根據本發明之方法,其中,該輸入介面係一鍵盤、一滑鼠及一觸控面板之其中一者。
根據本發明之方法,其中,該儲存媒體係一硬碟、一隨身碟、一光碟及一非揮發性記憶體之其中一者。
根據本發明之方法,其中,該暫存區係一記憶體。
本發明提供一種內儲一程式之電腦可讀取之記錄媒體,當一電腦由該記錄媒體載入該程式並執行後,可完成上述驗證基本輸入輸出系統之更新的方法。
本發明提供一種內儲一程式之電腦程式產品,當一電腦由電腦程式產品載入該程式並執行後,可完成驗證基本輸入輸出系統之更新的方法。
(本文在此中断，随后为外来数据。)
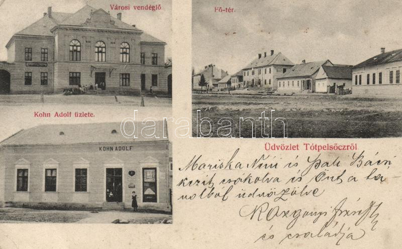 Tótpelsőc, Városi vendéglő, Fő tér, Kohn Adolf üzlete / restaurant, ma... https://www.darabanth.com/de/210-Fernauktion/210.0/Ansichtskarten/Slowakei~7/Totpelsoc-Varosi-vendeglo-Fo-ter-Kohn-Adolf-uzlete-restaurant-main-square-shop-fa~II862730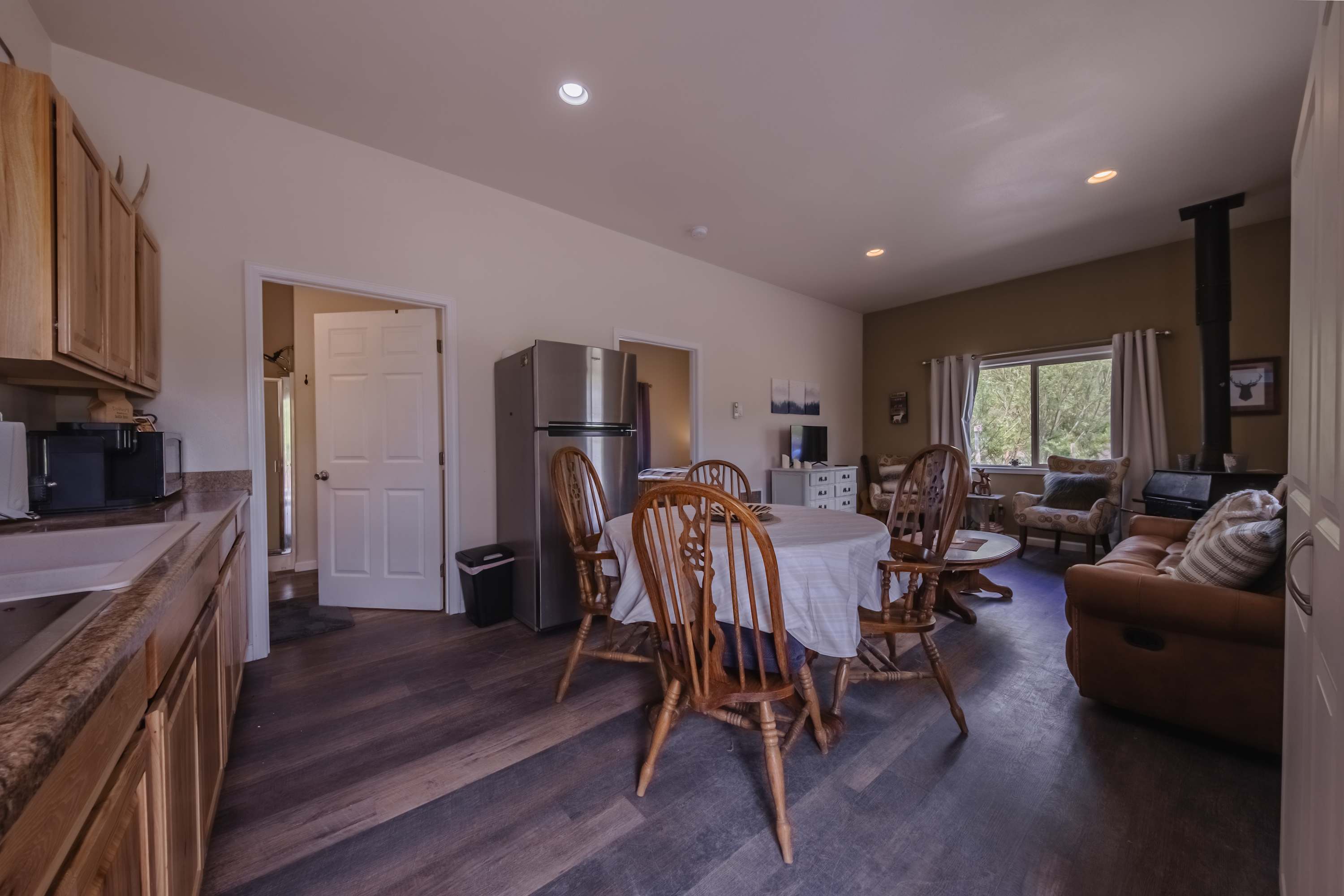 The home’s charming, country-chic interior offers plenty of space to relax and refresh, beginning with the cozy living room. Sink into plush sofa or armchair seating while you turn the pages of that new book you’ve been saving. Steps away, the well-equipped kitchen can handle all your culinary aspirations whether preparing delicious home cooked meals or staging takeout from a newly discovered local restaurant. The dining room table seats up to 4 for all your dining needs as well as offers up a space for a fun evening filled with games.

參考以下附圖以說明本發明之驗證基本輸入輸出系統之更新之方法的較佳實施例。
圖2為本發明之執行程式附掛檔案成為執行檔之示意圖,圖3為本發明之執行程式附掛檔案成為執行檔之流程圖。在圖2及3中,由一電腦執行一簽章程式,以一演算法依據一數位憑證實施UEFI更新韌體程式(即執行程式)、更新韌體功能設定及新BIOS韌體等檔案之計算,以產生一簽章,並將更新韌體功能設定、新BIOS韌體、數位憑證及簽章嵌入於UEFI更新韌體程式。其中,在UEFI環境下執行 UEFI更新韌體程式,而作為UEFI更新韌體程式所參考使用之更新韌體功能設定及新BIOS韌體等檔案可以不是UEFI的檔案格式。本實施例以附掛兩個檔案為例,但並非侷限用以本發明,在其他的實施例可以僅是附掛一個檔案或兩個以上檔案。
使用者可在作業系統之環境藉由電腦之一輸入介面(如鍵盤、滑鼠或觸控面板等)輸入UEFI更新韌體程式、更新韌體功能設定、新BIOS韌體及數位憑證等檔案之名稱(步驟S20)。
電腦從一儲存媒體(如硬碟、隨身碟及光碟等)中讀取UEFI更新韌體程式、更新韌體功能設定、新BIOS韌體及數位憑證等檔案,並暫存於暫存區(如記憶體)中(步驟S22)。
電腦將更新韌體功能設定及新BIOS韌體等檔案嵌入於UEFI更新韌體程式下(步驟S24)。
電腦利用所熟知之RSA加密演算法及公鑰(Public Key)加密標準,除了對UEFI更新韌體程式、更新韌體功能設定及新BIOS韌體等檔案進行加密之外,並且依據所熟知之X.509數位憑證計算UEFI更新韌體程式、更新韌體功能設定及新BIOS韌體等檔案以產生對應於該等檔案之簽章(步驟S26)。
接著,電腦將更數位憑證及簽章嵌入於UEFI更新韌體程式下(包含已嵌入之新韌體功能設定及新BIOS韌體等檔案) 以產生新的一執行檔,並將該執行檔暫存於該暫存區(步驟S28)。其中,該執行檔為UEFI之檔案格式。
電腦將暫存區中之執行檔儲存到儲存媒體中(步驟S30)。在實施上述各步驟以完成檔案嵌入於執行程式下而成為執行檔之方法。
圖4為本發明在UEFI環境下進行韌體更新之示意圖,圖5為本發明在UEFI環境下進行韌體更新之流程圖。圖4之元件與圖1之元件相同者係以相同元件符號表示。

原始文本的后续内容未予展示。